So it's very useful to understand that.

And this relates to how we can be mindful of our habitual states of mind,

Be discerning about them and cultivate the ones that are wholesome and release and let go of the ones that are unwholesome.

So as you know,

I'm a clinical psychologist and I work with a lot of people who have suffered traumas.

And they suffer with destructive thoughts.

There's something I talk to them about.

Excuse me a minute,

I'll just wait to that.

It's either a plane or a helicopter.

I'm not sure.

So I say there's a couple of ways we can deal with painful and destructive thoughts,

Such as the intrusive thoughts that happen with when we're suffering from post-traumatic stress,

For example,

The horrendous flashbacks we might have and so on.

These thoughts that invade our consciousness and we just don't want them.

There's many different ways of dealing with difficult thoughts,

But I've summarized them into two pathways.

One is the pathway of serenity.

The other is the pathway of insight.

So with the serenity pathway,

What we do is we nourish a wholesome pattern of thought by giving attention to it,

Feeding into it,

Where attention goes,

Energy flows,

And neural pathways grow.

By placing your attention on something wholesome,

Something wonderful,

Something good,

It helps grow that neural pathway,

But it also helps to grow that chain of thought,

That trail of thought.

And I say,

Just don't feed into the unwholesome.

Just don't buy into it.

You know,

You're getting terrible memories arising.

Just see them as memories.

They're just visions.

They're nothing more than that.

Just don't feed into them.

So we're feeding into the wholesome and not feeding into the destructive.

And this isn't ignoring it.

It's just not buying into the destructive.

And with the insight way,

What we do is we turn towards those painful thoughts,

But we turn towards them in a particular way.

We turn towards them in a mindful way,

Where we're seeing them for what they are.

We're seeing that they are impermanent.

We're seeing that they are empty of substance.

We're seeing that they're not necessarily facts that we believe.

We're seeing them for what they are and seeing through them so they no longer entrap us.

We no longer engage with them.

So we're engaging with them,

But in a mindful way.

So we're seeing through them and seeing the reality of them rather than believing them as something that's not real.

So thoughts do not last.

Facts are not necessarily,

Thoughts are impermanent.

Thoughts are not self and thoughts are unreliable.

We can have choice with those.

I'm not saying that we shouldn't think at all.

Obviously what happens in life is we cultivate discernment about what's worthy of feeding into and what's not worthy of feeding into.
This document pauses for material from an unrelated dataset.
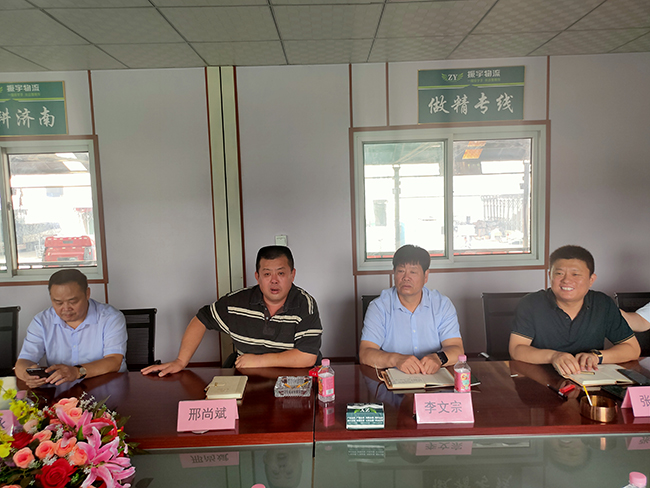 2020年8月10日,濟南市公安局物流寄遞保衛(wèi)支隊黨委書記、支隊長單金文、政委王鋒、紀(jì)委書記樊延海等一行到振宇物流慰問指導(dǎo)工作,濟南市物流發(fā)展促進會會長邢尚斌、副會長李文宗、秘書長杜兆偉等陪同參加。

And I think discernment grows over time.

It's a quality of wisdom.

So in the vittika santana sutta,

Which refers to the removal of distracting thoughts,

The Buddha recommended five methods to work with unwholesome states of mind.

And I'm just going to outline these five methods.

And I'll put a little bit of clinical psychology commentary onto it.

One way is that we can replace unwholesome thoughts.

Like for example,

If we're having thoughts of aversion and wanting to hurt someone,

We can replace that with metta.

And what we could also do is just simply challenge those thoughts.

And this is in line with something that's called cognitive therapy in contemporary psychology.

With cognitive therapy,

It's about challenging or part of cognitive therapy,

Not all of it.

It's part of it is challenging an inaccurate thought,

Like an erroneous thought,

A misbelief,

A belief that's kind of destructive.

It's challenging that rationally and seeing,

And having a positive alternative,

A more realistic alternative to that destructive thought.

So this works well at CBT and cognitive behavioral therapy and cognitive therapy have worked very well for decades in contemporary psychology.

And here we're hearing that this is a similar thing that happens with the Buddha 2,

600 years ago.

A second way is to reflect on the dangers of thinking particular thoughts.

That's another one.

And in that way,

We sort of look at a particular chain of thought,

We're stepping back from it a bit.

And we're being mindful to restrain from feeding into that particular destructive thought.

Another way he said was just to forget it.

In other words,

Not give it energy and placing attention elsewhere.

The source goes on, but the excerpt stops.